We present a novel type of BODIPY oligomers, connected via _N_-bridges in a linear fashion (Figure 1B). Utilizing both symmetric and unsymmetric BODIPY monomers as building blocks has paved the way to selectively synthesize oli

```{tip}
A more powerful cleaning scripts for Markdown files, e.g., as produced using `nougat`, was created for the ChemNLP project. 
You can find it [here](https://github.com/OpenBioML/chemnlp/blob/main/data/natural/preprocess_nougat.py).
```

### Harmonizing XML files

Many APIs return the articles directly in machine-readable XML format. However, the ones of different publishers are quite different, which can make this kind of cleanup tedious.

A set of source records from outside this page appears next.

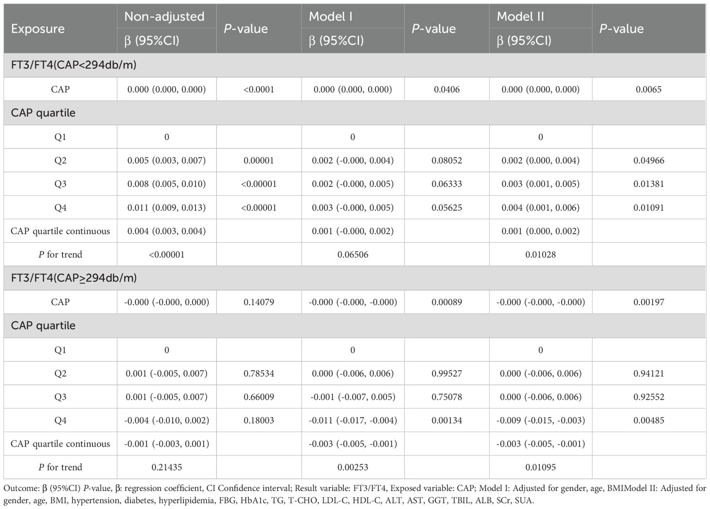 The smooth fitting curve and threshold saturation analysis revealed that CAP was positively correlated with FT3/FT4 before the inflection point (CAP = 294 dB/m) but negatively correlated after the inflection point. To verify whether these correlation trends had statistical significance, trend tests of multiple regression equations were performed. Trend p values were statistically analyzed using CAP quartiles as continuous variables. Model I adjusted for gender, age, and BMI. Model II adjusted for gender, age, BMI, hypertension, diabetes, hyperlipidemia, FBG, HbA1c, TG, T-CHO, LDL-C, HDL-C, ALT, AST, GGT, TBIL, ALB, SCr, and SUA.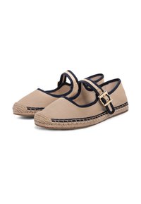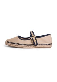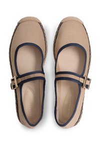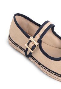 Chaussure plate en toile beige avec bordure marine, semelle en jute tressé, et bride marine ajustable avec boucle dorée sur le dessus.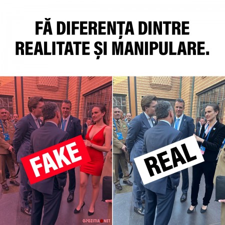 În poza reală (din dreapta), Oana Țoiu era la summit-ul NATO de la Haga, unde discuta cu partenerii despre apărare, inclusiv in fața atacurilor de tip hibrid într-un context în care frecvența utilizării campaniilor de dezinformare bazate pe informații și imagini false crește.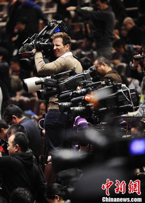 3月15日上午,十二届全国人大一次会议在北京人民大会堂举行第五次全体会议。图为一名外国摄像记者正在拍摄。中新社发 侯宇 摄
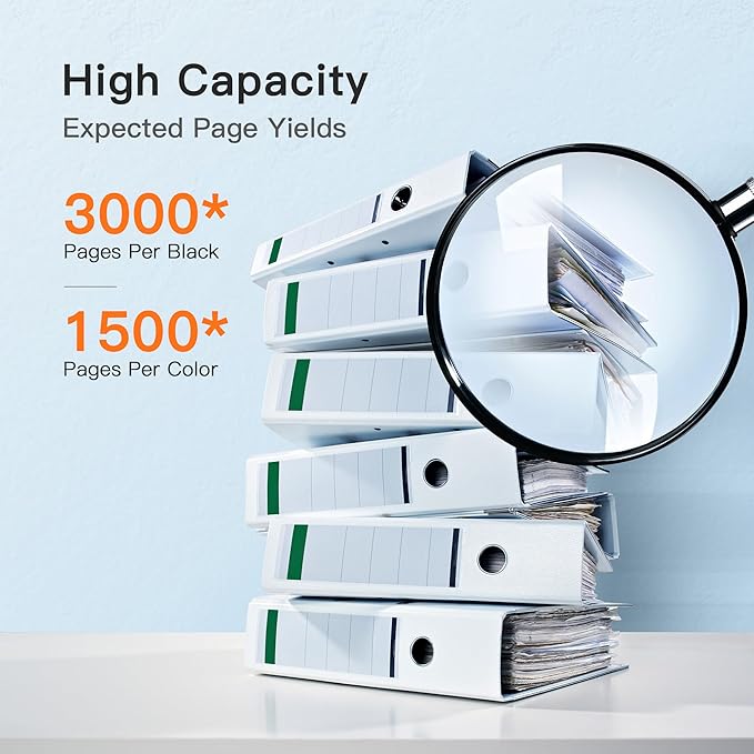 - Approximate Super High Yield: 3000 pages per black cartridge, 1500 Pages per color cartridge (based on 5% coverage)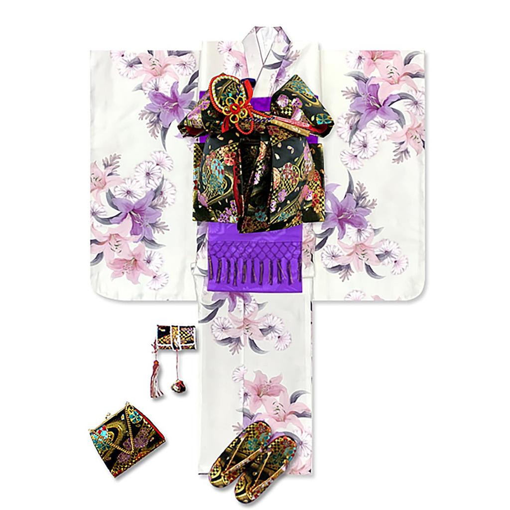 The kimono is made of easy-care polyester. How about this for Shichi-Go-San or as a special occasion wear?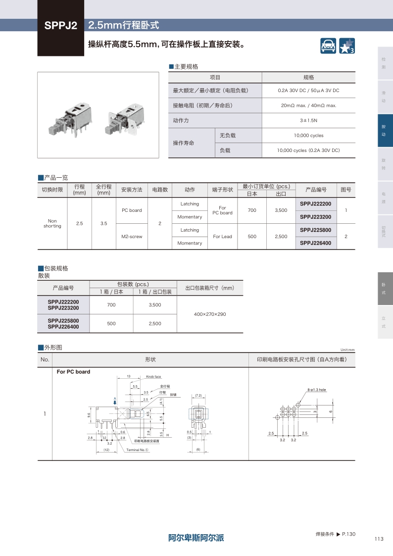 Non shorting | 2.5mm | 3.5mm | 3±1.5N | PC board | 2 | Latching | For PC board | 12.0×7.2×9.6mm |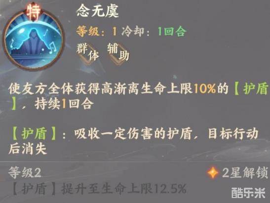 特殊技能“念无虞”,可以使得友方全体获得高渐离生命上限10%的护盾,持续1个回合。护盾可以吸收伤害,但会在目标行动后消失。技能提升至lv3,该比例将提升为15%。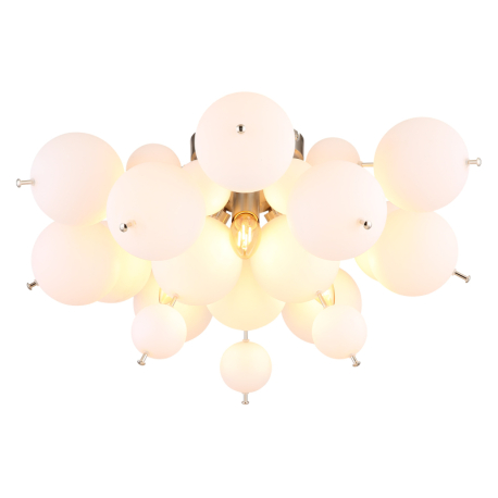 GL-15633DO Stropní svítidlo, kov nikl matný, skleněné koule bílé, kabel PVC černý, ø:550mm, V:280mm, skleněné koule ø:15x6cm, 1x 10cm, bez žárovek 3xE14, Max. 25W 230V - Udo+Grappy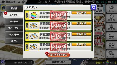「クエスト」の「イベント」から事前登録報酬を受け取ります。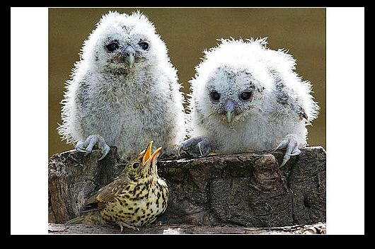 鸫通常是猫头鹰的盘中餐,但这只鸫却与小猫头鹰交上朋友了。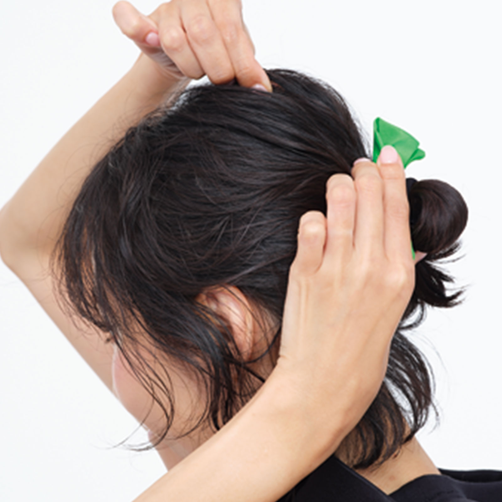 4.毛先をゴムで仮留めし、リボン付きゴムで結び目を隠せば完成。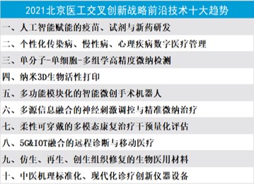 本届“医工谷”论坛结合我国实际临床需求,借鉴学术界、产业界和投资界的相关意见,从技术、临床、产业三个纬度凝练共识,评选出“2021北京医工交叉创新战略前沿技术十大趋势”:

Thus, it is great that there are packages such as [Pub2TEI](https://github.com/kermitt2/Pub2TEI) that can help one to streamline this process.

```{note}

Execute the following lines in bash terminal.

    docker run --rm --gpus all --init --ulimit core=0 -p 8060:8060 grobid/pub2tei:0.2
    git clone https://github.com/kermitt2/Pub2TEI
    cd Pub2TEI/client
    pip install requests

This will start the starting the Pub2TEI service with Docker.
```

In [13]:
import os
import requests
import time

# Define the input directory containing XML files and the output directory for TEI files
input_dir = "./XML_files"
output_dir = "./XML_files_cleaned"
os.makedirs(output_dir, exist_ok=True)

# Define the Pub2TEI server URL
server_url = "http://localhost:8060/service/processXML"


# Function to process a single XML file
def process_xml_file(xml_file, output_dir):
    files = {
        "input": open(xml_file, "rb"),
        "segmentSentences": (
            None,
            "1",
        ),  # Optional, set to '1' for sentence segmentation
        "grobidRefine": (None, "1"),  # Optional, set to '1' for refining with Grobid
    }
    for attempt in range(5):  # Retry up to 5 times
        try:
            response = requests.post(server_url, files=files)
            if response.status_code == 200:
                with open(output_dir, "wb") as f:
                    f.write(response.content)
                print(f"Processed {xml_file} successfully.")
                return output_dir
            else:
                print(
                    f"Failed to process {xml_file}. Status code: {response.status_code}"
                )
            break
        except ConnectionError as e:
            print(f"Connection error: {e}. Retrying in 5 seconds...")
            time.sleep(5)


# Process all XML files in the input directory
for filename in os.listdir(input_dir):
    if filename.endswith(".xml"):
        input_file = os.path.join(input_dir, filename)
        print(input_file)
        output_file = os.path.join(output_dir, filename.replace(".xml", ".tei.xml"))
        process_xml_file(input_file, output_file)

./XML_files/ao0c01342.xml
Processed ./XML_files/ao0c01342.xml successfully.


In [14]:
with open(output_file, "r", encoding="utf-8") as f:
    content = f.read()
    print(f"Content of {output_file}:\n")
    print(content)

Content of ./XML_files_cleaned/ao0c01342.tei.xml:

<?xml version="1.0" encoding="UTF-8"?>
<TEI xmlns="http://www.tei-c.org/ns/1.0" xmlns:xsi="http://www.w3.org/2001/XMLSchema-instance" xsi:noNamespaceSchemaLocation="https://raw.githubusercontent.com/kermitt2/grobid/master/grobid-home/schemas/xsd/Grobid.xsd">
   <teiHeader>
      <fileDesc>
         <titleStmt>
            <title level="a" type="main">Synthesis and Biological Evaluation of Three New Chitosan
Schiff Base Derivatives</title>
         </titleStmt>
         <publicationStmt>
            <publisher>American Chemical Society</publisher>
            <availability>
               <p>
                  <s>American Chemical Society</s>
               </p>
            </availability>
            <date type="e-published" when="2020-06-01">2020</date>
            <date when="2020-06-16">2020</date>
            <date type="Copyright" when="2020">2020</date>
         </publicationStmt>
         <notesStmt>
            <note type="cont

One could use this tool to first unify all different downloaded files from different publisher styles and afterwards remove irrelevant section of these articles automatically as shown in the beginning of this section.